Profile: Barbara Asei-Dantoni

February 10, 2011

Text by Megan Haynes.

Photos courtesy of Marthe Aime.

“Nobody ever thinks about the collar,” says Barbara Asei-Dantoni, the designer behind the French brand Marthe Aime. “I want to explore something new.”

With the oversized, cascading folding ties, larger-than-life necklaces and head-and-shoulder hoodies, it’s impossible to ignore the collar in Asei-Dantoni’s collections. Her industrial-inspired looks are a result of her industrial design background, with a specialty in luxury design. She premiered her clothing line at the Toronto LG Fashion week last fall, but she started her fashion career by designing jewellery and accessories.
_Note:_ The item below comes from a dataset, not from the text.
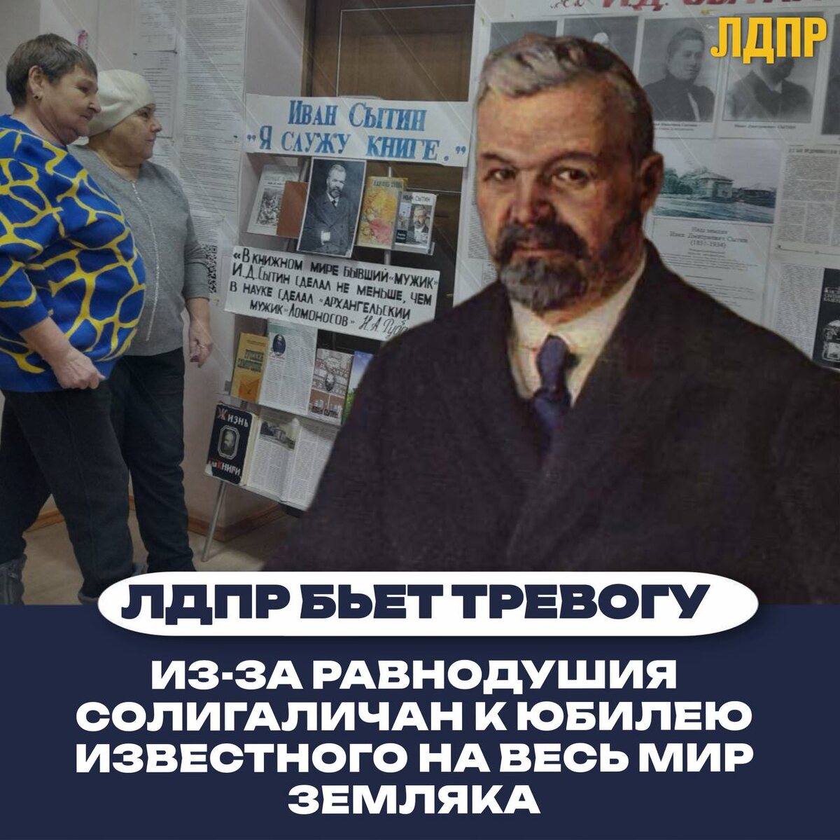 ❗ 5 февраля Россия отметила 175-летие со дня рождения Ивана Сытина – уникального человека, чье имя золотыми буквами вписано в историю отечественного книгоиздания. Уроженец села Гнездниково Солигаличского уезда, Сытин, выйдя из скромной крестьянской семьи, сумел создать империю, которая прогремела на весь мир. «Русским самородок», он не только добился успеха, но и посвятил свою жизнь просвещению народа. ➡ Мероприятия к юбилею Сытина прошли по всей стране, и, разумеется, Костромская область не осталась в стороне. В родном селе книгоиздателя в Солигаличском округе, Гнездниково, библиотекарь Валентина Ивановна Низова подготовила содержательную и объемную выставку, посвященную жизни и деятельности Сытина. Однако, как отметили в ЛДПР, это важное событие не привлекло должного внимания солигаличан. «Признаюсь, я очень удивлена, и удивлена неприятно. Человек, имя которого знает весь мир, остался практически незамеченным на своей малой родине. Мы должны помнить свои корни, свою историю, горд
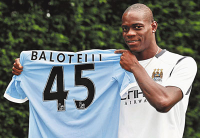 ■巴洛迪利將穿曼城45號球衣出戰。 路透社

Asei-Dantoni likes to push the limits of wearable art. Her mother was a pattern maker and seamstress, so she says she was exposed to fashion from a very young age. She’s been drawing and sketching since she was five, and at 10 attended an art school in France.
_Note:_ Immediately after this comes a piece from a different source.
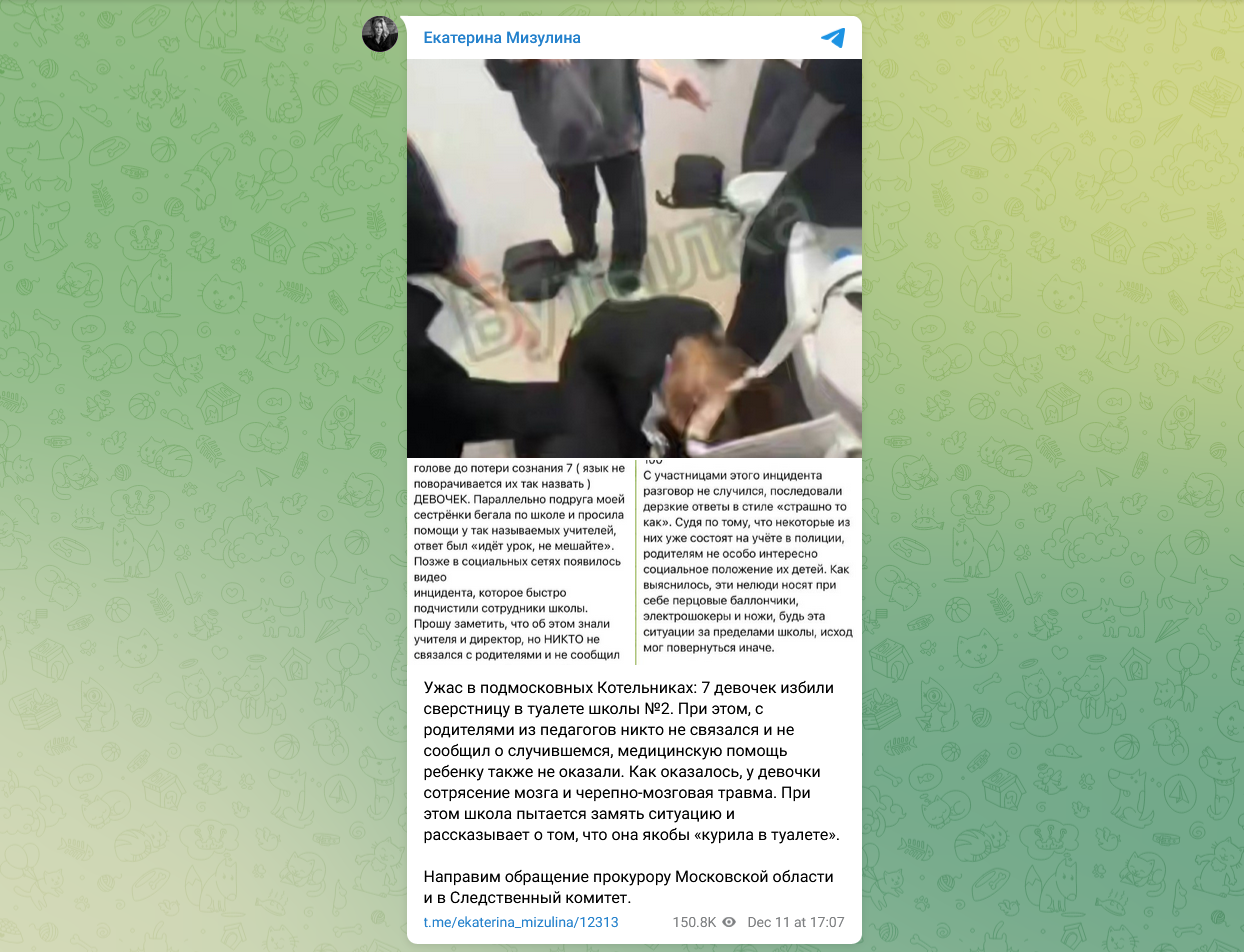 Тем временем старшая сестра Алина не захотела оставлять случившееся втайне. Она связалась с журналистами и попросила рассказать историю 14-летней жительницы Котельников. Примерно в это же время по телеграм-каналам начала вируситься видеозапись с избиением Киры.
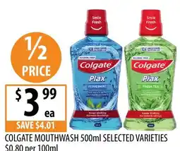 6IGA Colgate Plax Mouthwash Selected Varieties offerColgate Plax Mouthwash Selected Varieties 500mLIGA$7.00$6.00$1.00 Discount15 April 202621 April 2026 View offer

However, it wasn’t until her third year in Industrial Design at the Strate College Designer school in Paris, that she she decided to turn her artistic eye towards fashion.

“I remember an exhibition at the Musée des Arts décoratifs de Paris – a Christian Lacroix retrospective,” she says. “It inspired me to create.

“I wanted to create something I could wear. It is very intimate.”

Her specialization in luxury design seemed a natural fit, and she landed an internship at the Montevago design agency.

“When I arrived for the interview… I saw all the drawings of bags and jewellery on the walls,” she says. The realization that she was in the right place struck her right there and then.

Shortly after, Asei-Dantoni launched Marthe Aime in 2008, with the help of her brother Steven.

“[He] brought his experience in business and marketing, and was an engine for [Marthe Aime],” she says.  “His energy motivates me to go further.”

Her mother has also been a big influence on her work. “As a seamstress, she has a view of the way clothes [fit on people]. Sometimes the creator thinks of things, [but] when you actually sew the fabric, it won’t work the way you want it.”

Asei-Dantoni adds that her mother’s expert eye helps her turn very creative ideas into reality, while still allowing for a perfect fit.

Asei-Dantoni’s resume is extensive, having worked for Cauval industry (as a furniture designer), an architecture agency (as an interior designer) and various stage productions (as a costume and stage designer). But the greatest joy she gets is seeing her current works of art worn on models.

“I have no words to express how happy I was [to see the designs on the runway for the first time]. When you’re drawing something, it is just a drawing. But when you see it – something born from your imagination – when you see it on a model, it is something very amazing. It is your creation coming to life.”